_DATA SHOWN:_
────────
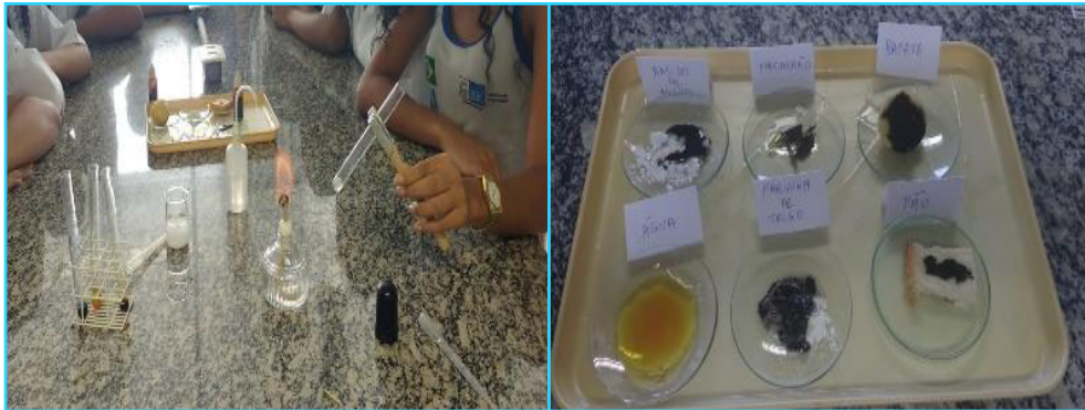
Figura 4: Prática de identificação de glicose e amido

A - alunos realizando a prática de identificação de glicose.
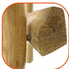
Naturalne drewno robinii akacjowej
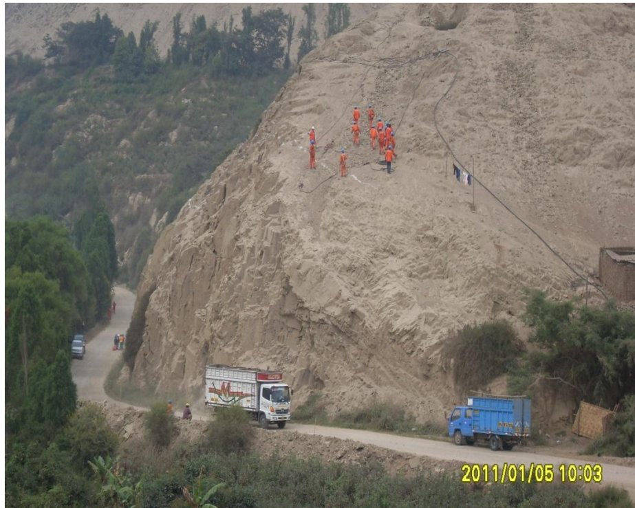
Corte en Roca
────────
Using the material above, gather every line that includes "identificação".

_RESPONSE BELOW:_
Figura 4: Prática de identificação de glicose e amido
A - alunos realizando a prática de identificação de glicose.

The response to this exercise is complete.